Wrap an existing LLVM environment and then use it as per normal:
>>> env = SynchronousSqliteLogger( ... env=gym.make("llvm-autophase-ic-v0"), ... db_path="example.db", ... )
Connect to the database file you specified:
There are two tables:
States: records every unique combination of benchmark + actions.
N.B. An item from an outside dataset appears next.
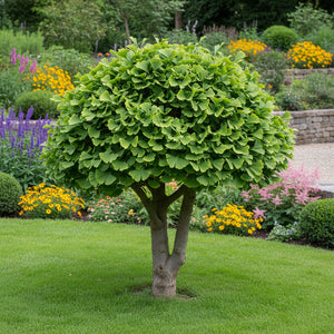 Ginkgo biloba 'Troll' est une variété naine de l'arbre Ginkgo biloba. Cette variété spécifique est appréciée pour sa taille compacte et sa forme en boule, ce qui en fait un choix idéal pour les petits espaces de jardin ou les conteneurs.

For each entry, records an identifying state ID, the episode reward, and whether the episode is terminated:
sqlite> .mode markdown sqlite> .headers on sqlite> select * from States limit 5; | benchmark_uri | done | ir_instruction_count_oz_reward | state_id | actions | |--------------------------|------|--------------------------------|------------------------------------------|----------------| | generator://csmith-v0/99 | 0 | 0.0 | d625b874e58f6d357b816e21871297ac5c001cf0 | | | generator://csmith-v0/99 | 0 | 0.0 | d625b874e58f6d357b816e21871297ac5c001cf0 | 31 | | generator://csmith-v0/99 | 0 | 0.0 | 52f7142ef606d8b1dec2ff3371c7452c8d7b81ea | 31 116 | | generator://csmith-v0/99 | 0 | 0.268005818128586 | d8c05bd41b7a6c6157b6a8f0f5093907c7cc7ecf | 31 116 103 | | generator://csmith-v0/99 | 0 | 0.288621664047241 | c4d7ecd3807793a0d8bc281104c7f5a8aa4670f9 | 31 116 103 109 |
Observations: records pickled, compressed, and text observation values for each unique state.
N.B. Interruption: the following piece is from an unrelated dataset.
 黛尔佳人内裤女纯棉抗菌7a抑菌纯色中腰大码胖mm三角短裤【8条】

Caveats of this implementation:
Only
LlvmEnv
environments may be wrapped.The wrapped environment must have an observation space and reward space set.
The observation spaces and reward spaces that are logged to database are hardcoded. To change what is recorded, you must copy and modify this implementation.
Writing to the database is synchronous and adds significant overhead to the compute cost of the environment.
- __init__(env: LlvmEnv, db_path: Path, commit_frequency_in_seconds: int = 300, max_step_buffer_length: int = 5000)[source]
Constructor.
- Parameters
env – The environment to wrap.
db_path – The path of the database to log to. This file may already exist. If it does, new entries are appended. If the files does not exist, it is created.
commit_frequency_in_seconds – The maximum amount of time to elapse before writing pending logs to the database.
max_step_buffer_length – The maximum number of calls to
step()
before writing pending logs to the database.